The philosophers' brief assumes, contrary to Kant, that the value of a person's life is the value he or she attributes to it, provided the person is competent and fully informed. "When a competent person does want to die," the philosophers write, "it makes no sense to appeal to the patient's right not to be killed as a reason why an act designed to cause his death is impermissible." Kant would have disagreed.
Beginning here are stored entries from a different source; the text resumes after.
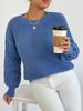 Suéter de Mujer de Comercio Exterior Transfronterizo Otoño e Invierno Color Sólido Suelto Amor Jacquard Camisa de Punto Jersey Cuello Redondo Manga Trompeta Top
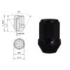 Konisk hjulmutter med 60 graders kona. Stängd ände, skyddar gängorna mot smuts. Gänga M12x1,25. Totalhöjd 34 mm. Gänglängd 26mm. Nyckelgrepp 19mm. Ytbehandling svartförzinkad.
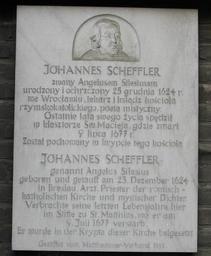 | Keywords: Wroclaw kosciol swMacieja inskrypcja.jpg Wrocław Poland Św Maciej St Matthew church - Johannes Scheffler's inscription 2005-10-30 own assumed Julo Retouched pictures / Bildbearbeitungen Von diesem Bild existieren die folgenden Bildbearbeitungen aus der Bilderwerkstatt Retouched versions of this picture from the german Graphic Lab Image Wroclaw kosciol swMacieja inskrypcja-2 jpg Plaques in Wrocław Angelus Silesius Saint Matthew church in Wrocław | ||||

The fact that a person wants to die does not make it morally permissible to kill him, even if his desire is uncoerced and well-informed.

The philosophers might reply that permitting assisted suicide does no harm to those who find it morally objectionable; those who prefer to view their lives as episodes in a larger drama rather than as autonomous creations would remain free to do so.

But this reply overlooks the way that changes in law can bring changes in the way we understand ourselves. The philosophers rightly observe that existing laws against assisted suicide reflect and entrench certain views about what gives life meaning. But the same would be true were the Court to declare, in the name of autonomy, a right to assisted suicide. The new regime would not simply expand the range of options, but would encourage the tendency to view life less as a gift and more as a possession. It might heighten the prestige we accord autonomous, independent lives and depreciate the claims of those seen to be dependent. How this shift would affect policy toward the elderly, the disabled, the poor and the infirm, or reshape the attitudes of doctors toward their ailing patients or children toward their aging parents, remains to be seen.

To reject the autonomy argument is not necessarily to oppose assisted suicide in all cases. Even those who regard life as a sacred trust can admit that the claims of compassion may sometimes override the duty to preserve life. The challenge is to find a way to honor these claims that preserves the moral burden of hastening death, and that retains the reverence for life as something we cherish, not something we choose.